- **Task item**
Your copy should start at the line with "台湾ラーメンのスープは赤みが" and end at the line with "7月14日,山西省长治市长子" in the data below. Transcribe only those lines, exactly, pictures excluded.

- **Input data**
________
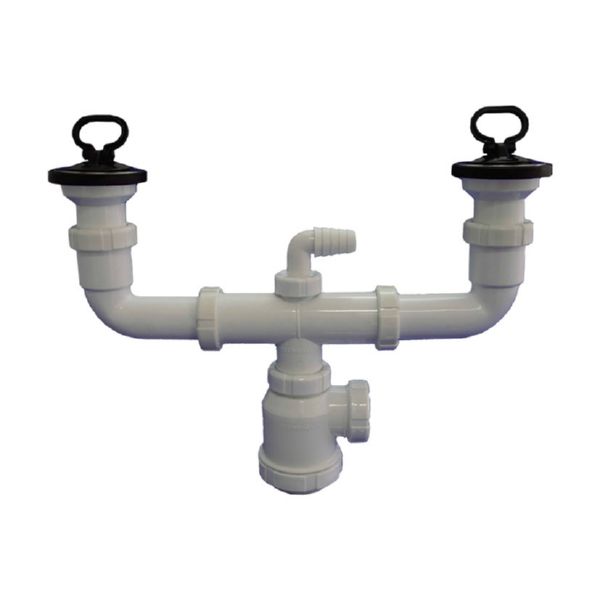 Salida horizontal con doble v?lvula y toma de electrodom?sticos. 1 1/2 x ? 70 mm. Extensible 260-390 mm.
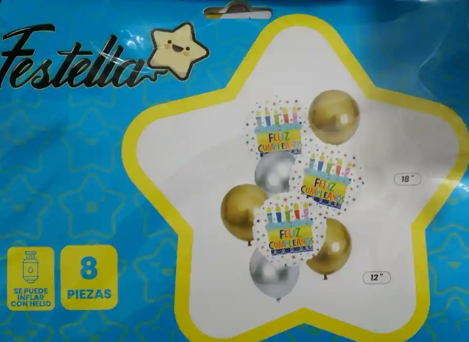 Bouquet de Globos Feliz Cumpleaños Dorado Y Plata x 8 Piezas Festella
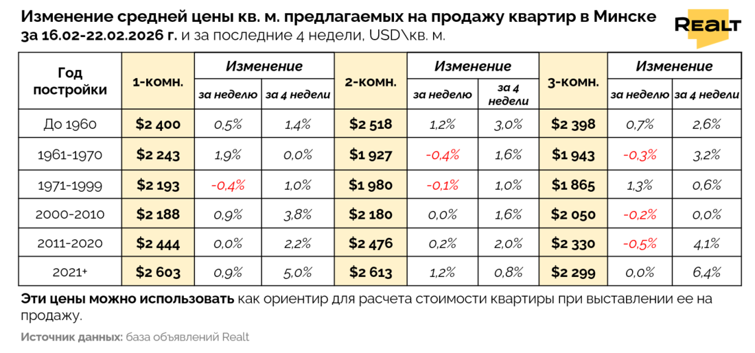 Середина февраля ускорила продажи квартир, отчего итоговый прогноз по сделкам вырос до среднего показателя за прошлый год. На этом фоне Минск‑Мир демонстрирует самый заметный рост стоимости квадрата, вытягивая средние показатели по городу, несмотря на перевес снижений в объявлениях. Подробности и причины — в аналитике Realt.
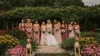 Group of nine women in bridesmaid dresses standing outdoors with a bride, all holding bouquets, surrounded by colorful flowers and garden statues. View fullsize
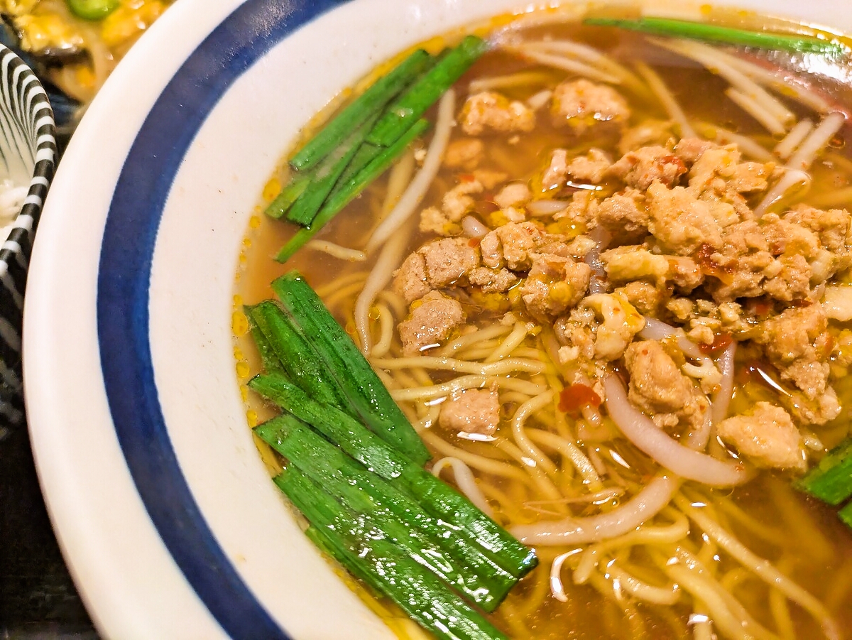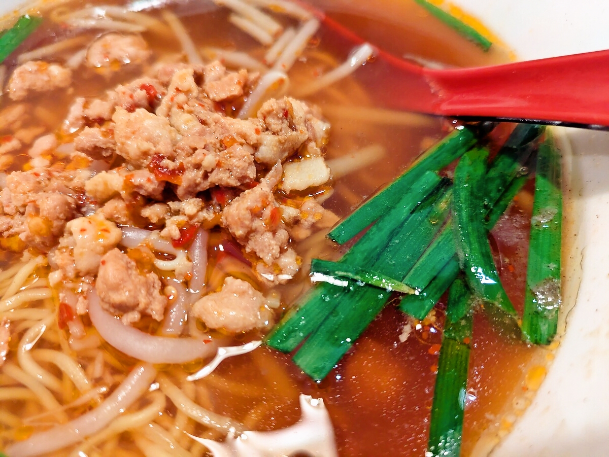 台湾ラーメンのスープは赤みがかった辛口で、唐辛子のピリッとした刺激が最初にやってくる
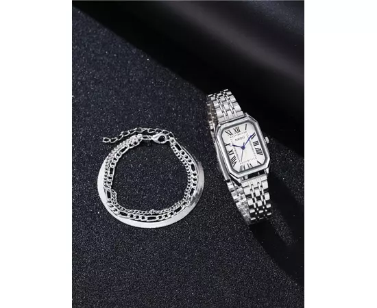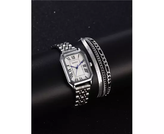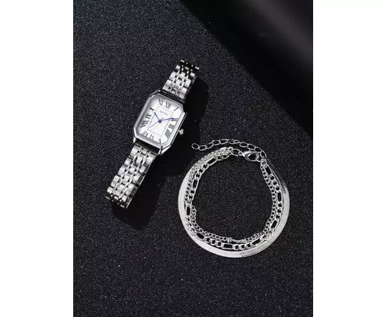 Set Bijuterii 4 Piese, Ceas si Trei Bratari, Argintiu - 81028
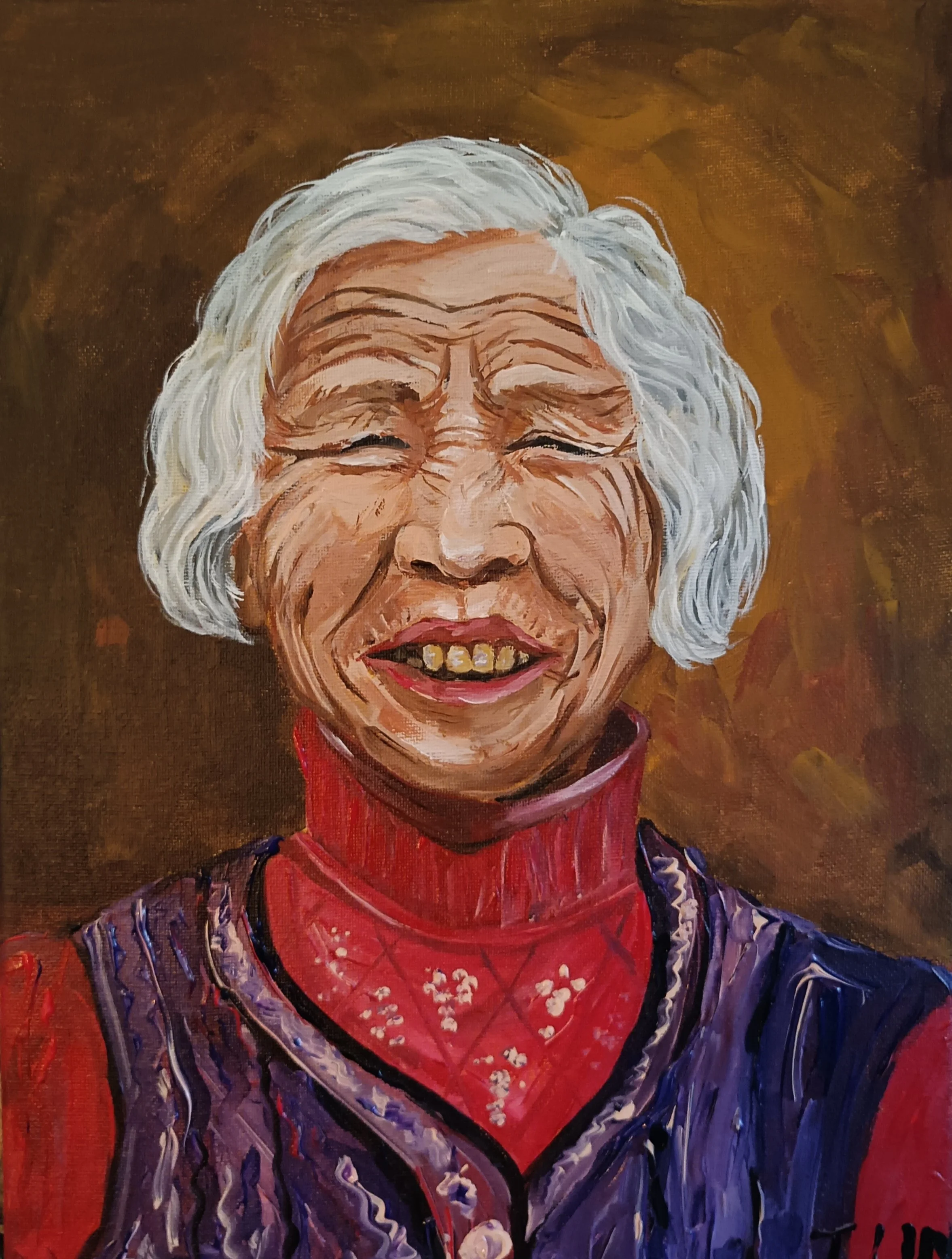 My grandmother was born in 1940 in China. Her husband was a member of the People's Liberation Army and she had five children. Unfortunately, her husband died of illness when she was forty years old, and their oldest child was eighteen and the youngest was only six. She was left alone to bring up her five children against all odds. Only she knows how hard and difficult it was for her. Fortunately, her children are now very filial to her, and each of them is by her side. My grandmother never went to school and was completely illiterate because of the social and personal family circumstances at the time, but the Bible is the only book she could read. She was a devout Christian. She always had a smile on her face, a smile of peace and love, and her smile was so warm and unhurried. I loved the way she smiled. My grandmother taught me to be strong and independent and gentleness.
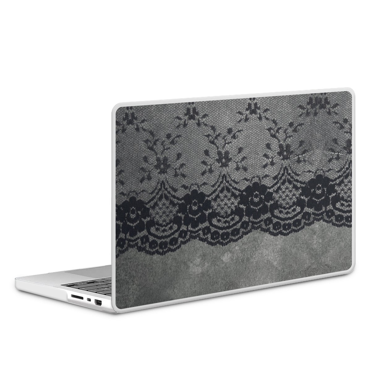 Schwarzes Spitzenmuster auf grauem Hintergrund
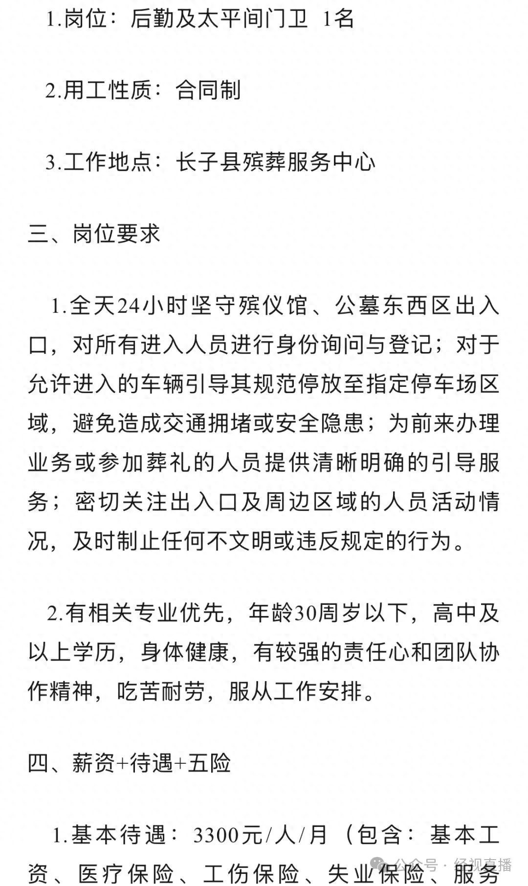 7月14日,山西省长治市长子县殡葬服务中心发布一则招聘公告,招聘合同制后勤及太平间门卫,要求年龄30周岁以下。岗位工作内容是全天24小时坚守殡仪馆、公墓出入口,负责询问和登记进入人员身份,引导车辆规范停放,引导办理业务人员遵守相关规定,以及制止不文明或违反规定的行为。岗位基本待遇是3300元一个月,绩效200元一个月,按照年度发放。
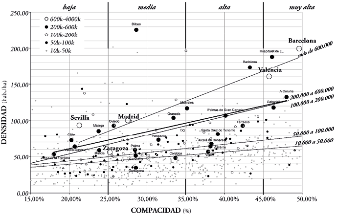 En el conjunto de grandes ciudades, se observa la gran distancia existente entre aquellas de compacidad media o baja (Zaragoza, Madrid y Sevilla) y las muy compactas (Barcelona y Valencia). Es destacable también el fuerte aumento de la densidad que supone el incremento de la compacidad en este tipo de ciudades. La consideración de las distintas áreas metropolitanas en conjunto ofrecería una comparación más precisa, pero aun así se intuye una diferenciación clara del modelo de ciudad compacta mediterránea.
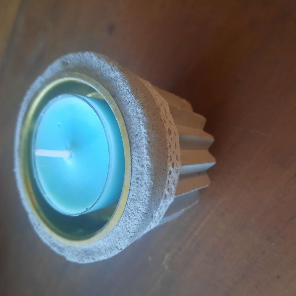 Betonista valmistettu tukeva tuikkualunen puutarhaan, käy myös sisäkäyttöön. Mallina käytetty hyytelömuottia, tässä mallissa pitsi koriste.
________
- **Output of the exercise**
 台湾ラーメンのスープは赤みがかった辛口で、唐辛子のピリッとした刺激が最初にやってくる
 Set Bijuterii 4 Piese, Ceas si Trei Bratari, Argintiu - 81028
 My grandmother was born in 1940 in China. Her husband was a member of the People's Liberation Army and she had five children. Unfortunately, her husband died of illness when she was forty years old, and their oldest child was eighteen and the youngest was only six. She was left alone to bring up her five children against all odds. Only she knows how hard and difficult it was for her. Fortunately, her children are now very filial to her, and each of them is by her side. My grandmother never went to school and was completely illiterate because of the social and personal family circumstances at the time, but the Bible is the only book she could read. She was a devout Christian. She always had a smile on her face, a smile of peace and love, and her smile was so warm and unhurried. I loved the way she smiled. My grandmother taught me to be strong and independent and gentleness.
 Schwarzes Spitzenmuster auf grauem Hintergrund
 7月14日,山西省长治市长子县殡葬服务中心发布一则招聘公告,招聘合同制后勤及太平间门卫,要求年龄30周岁以下。岗位工作内容是全天24小时坚守殡仪馆、公墓出入口,负责询问和登记进入人员身份,引导车辆规范停放,引导办理业务人员遵守相关规定,以及制止不文明或违反规定的行为。岗位基本待遇是3300元一个月,绩效200元一个月,按照年度发放。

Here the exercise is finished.